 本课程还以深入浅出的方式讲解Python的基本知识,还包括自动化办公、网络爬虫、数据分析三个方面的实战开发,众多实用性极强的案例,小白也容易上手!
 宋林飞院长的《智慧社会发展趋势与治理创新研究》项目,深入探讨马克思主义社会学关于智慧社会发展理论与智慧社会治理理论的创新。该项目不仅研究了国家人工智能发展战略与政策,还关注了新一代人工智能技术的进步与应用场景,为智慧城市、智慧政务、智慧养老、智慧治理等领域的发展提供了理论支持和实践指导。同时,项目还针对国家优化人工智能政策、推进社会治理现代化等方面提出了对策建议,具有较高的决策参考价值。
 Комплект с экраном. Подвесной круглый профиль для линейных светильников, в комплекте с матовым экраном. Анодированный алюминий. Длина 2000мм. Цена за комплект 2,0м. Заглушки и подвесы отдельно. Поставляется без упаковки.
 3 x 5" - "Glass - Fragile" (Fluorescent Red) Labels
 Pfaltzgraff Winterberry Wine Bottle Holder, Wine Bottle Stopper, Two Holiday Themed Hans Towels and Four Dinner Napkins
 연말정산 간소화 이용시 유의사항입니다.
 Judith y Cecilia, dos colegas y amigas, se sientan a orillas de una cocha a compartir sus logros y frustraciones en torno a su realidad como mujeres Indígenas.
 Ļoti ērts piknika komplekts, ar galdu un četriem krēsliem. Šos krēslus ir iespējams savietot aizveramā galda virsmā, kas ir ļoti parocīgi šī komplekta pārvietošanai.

**What you are asked to do**: Where the data above reaches the line holding "Комплект с экраном.", begin printing, and stop after the line holding "Judith y Cecilia, dos". Each line must be reproduced exactly, with nothing else added.

**Solution for this task**:
 Комплект с экраном. Подвесной круглый профиль для линейных светильников, в комплекте с матовым экраном. Анодированный алюминий. Длина 2000мм. Цена за комплект 2,0м. Заглушки и подвесы отдельно. Поставляется без упаковки.
 3 x 5" - "Glass - Fragile" (Fluorescent Red) Labels
 Pfaltzgraff Winterberry Wine Bottle Holder, Wine Bottle Stopper, Two Holiday Themed Hans Towels and Four Dinner Napkins
 연말정산 간소화 이용시 유의사항입니다.
 Judith y Cecilia, dos colegas y amigas, se sientan a orillas de una cocha a compartir sus logros y frustraciones en torno a su realidad como mujeres Indígenas.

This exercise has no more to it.